- Theatrical release poster
- French: 2 automnes 3 hivers
- Directed by: Sébastien Betbeder
- Written by: Sébastien Betbeder
- Produced by: Frédéric Dubreuil
- Starring: Vincent Macaigne; Maud Wyler; Bastien Bouillon; Audrey Bastien; Pauline Étienne; Thomas Blanchard; Olivier Chantreau; Eriko Takeda; Jean-Quentin Châtelain;
- Cinematography: Sylvain Verdet
- Edited by: Julie Dupré
- Music by: Bertrand Betsch
- Production company: Envie de Tempête Productions
- Distributed by: UFO Distribution
- Release dates: 18 May 2013 (Cannes); 25 December 2013 (France);
- Running time: 91 minutes
- Country: France
- Language: French
- Budget: €361,757
- Box office: $30,985

= 2 Autumns, 3 Winters =

2013 film by Sébastien Betbeder

2 Autumns, 3 Winters (2 automnes 3 hivers) is a 2013 French romantic comedy film written and directed by Sébastien Betbeder. It stars Vincent Macaigne, Maud Wyler, Bastien Bouillon and Audrey Bastien, with Pauline Étienne, Thomas Blanchard, Olivier Chantreau, Eriko Takeda and Jean-Quentin Châtelain.

==Plot==
The story is narrated by each of the major characters.
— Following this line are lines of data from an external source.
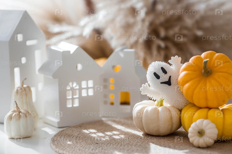 Осеннее украшение на Хэллоуин.Красивый призрак, белые дома и тыквы.Баннер, фон для празднования Хеллоуина
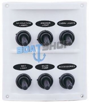 Електрична панель 12 В з водонепроникними вимикачами, з інформаційними табличками.
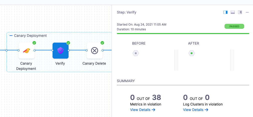 - Harness will automatically add the Verify step. For example, here is a stage where Canary strategy and the Enable Verification option were selected

At the beginning, 33-year-old Arman decides to change his life. For starters, he takes up jogging, which is how he has his first meeting with Amélie.

==Cast==
- Vincent Macaigne as Arman
- Maud Wyler as Amélie
- Bastien Bouillon as Benjamin
- Audrey Bastien as Katia
- Thomas Blanchard as Jan
- Pauline Etienne as Lucie
- Jean-Quentin Châtelain as Arman's father
- Olivier Chantreau as Guillaume
- Eriko Takeda as Hazuki
- Loïc Hourcastagnon as the small ninja
- Emmanuel Demonsant as the big ninja
- Philippe Crespeau as Benjamin's father
- Marie-Claude Roulin as Benjamin's mother
- Zacharie Chasseriaud as the skater
- Jérôme Thibault as the doctor

==Release==
2 Autumns, 3 Winters had its world premiere at the Cannes Film Festival on 18 May 2013. The film had its US premiere at the Hamptons International Film Festival on 10 October 2013. It was released theatrically in France on 25 December 2013 by UFO Distribution. The film had its New York City premiere as part of the Rendez-vous with French Cinema series on 8 March 2014. Film Movement opened the film for one week at the Elinor Bunin Monroe Film Center in New York City on 6 June 2014.

==Critical response==
Jordan Mintzer of The Hollywood Reporter called it a "low-key kind of dramedy" and a "quirky French indie that gets by more on style and sass than on its storytelling skills, [...] With endearing performances and crafty 16mm imagery, but also a tad too many winks to the camera, this Cannes ACID sidebar selection should see additional fest and niche art-house play".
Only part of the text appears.